You may believe that by moving the memory controller into the CPU, they should have taken a lot of load off the processor bus that is this case doesn’t have to transfer data between the CPU and the memory any more. It is partially true, but only for single-processor systems. Nehalem microarchitecture is universal, it should be used for desktop and mobile as well as server solutions. That is why Intel designed a new processor bus that could suit for multi-processor systems and provide sufficient bandwidth and scalability. Intel engineers didn’t have a choice anyway, because the traditional FSB bus cannot be used in this case. Multi-processor systems on processors with integrated memory controllers should use NUMA memory model (Non-Uniform Memory Access) and hence require direct high-speed connection between the CPUs.
To accomplish this task they built special serial interface called CSI (Common System Interface) with point-to-point topology that was later renamed to QPI (QuickPath Interconnect). On the technical side, QPI consists of two 20-bit links transferring data forward and back. 16 bit are assigned for data and the remaining 4 bits serve some auxiliary purpose: they are used by the protocol and error correction. This bus performs maximum 6.4 mln transfers per second (GT/s) and has 12.8GB/s bandwidth in each direction, or 25.6GB/s total bandwidth.
The current bandwidth of the new QPI bus allows us to call it the fastest processor bus out there. The old Quad Pumped Bus can only reach 12.8GB/s total bandwidth at 1600MHz frequency. HyperTransport 3.0 bus similar to QPI and used in contemporary AMD processors can boast only 24GB/s peak bandwidth.
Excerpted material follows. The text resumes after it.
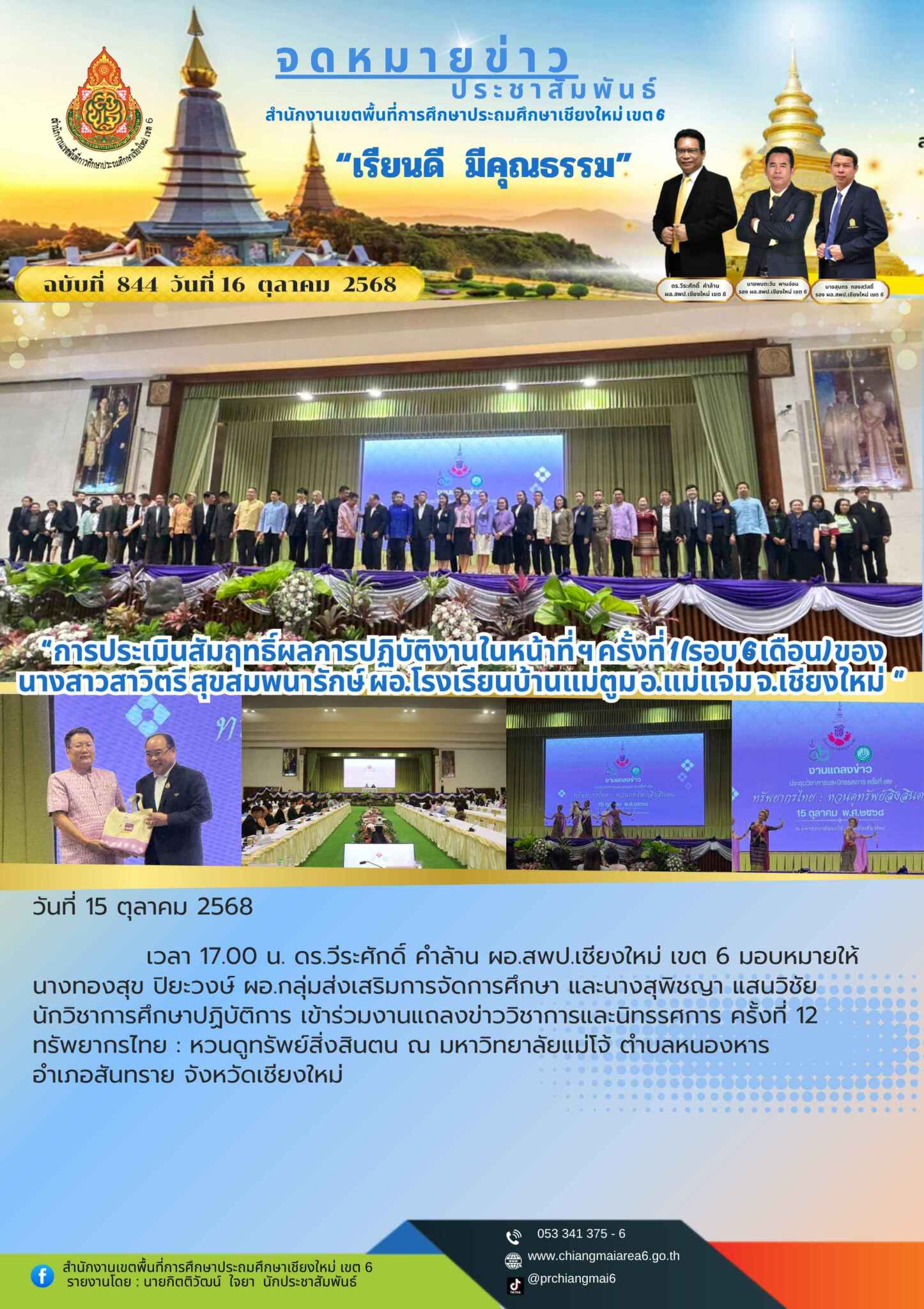 วันที่ 15 ตุลาคม 2568 เวลา 17.00 น. ดร.วีระศักดิ์ คำล้าน ผอ.สพป.เชียงใหม่ เขต 6 มอบหมายให้ นางทองสุข ปิยะวงษ์ ผอ.กลุ่มส่งเสริมการจัดการศึกษา และนางสุพิชญา แสนวิชัย นักวิชาการศึกษาปฏิบัติการ เข้าร่วมงานแถลงข่าววิชาการและนิทรรศการ ครั้งที่ 12 ทรัพยากรไทย : หวนดูทรัพย์สิ่งสินตน ณ มหาวิทยาลัยแม่โจ้ ตำบลหนองหาร อำเภอสันทราย จังหวัดเชียงใหม่

Depending on their market positioning, processors on Nehalem microarchitecture may come equipped with one or multiple QPI interfaces. As a result, each CPU in the multi-processor system may be directly connected to all other processors to reduce the latency when working with the memory connected to another controller. CPUs for single-processor desktop systems will have one QPI connecting it to the chipset.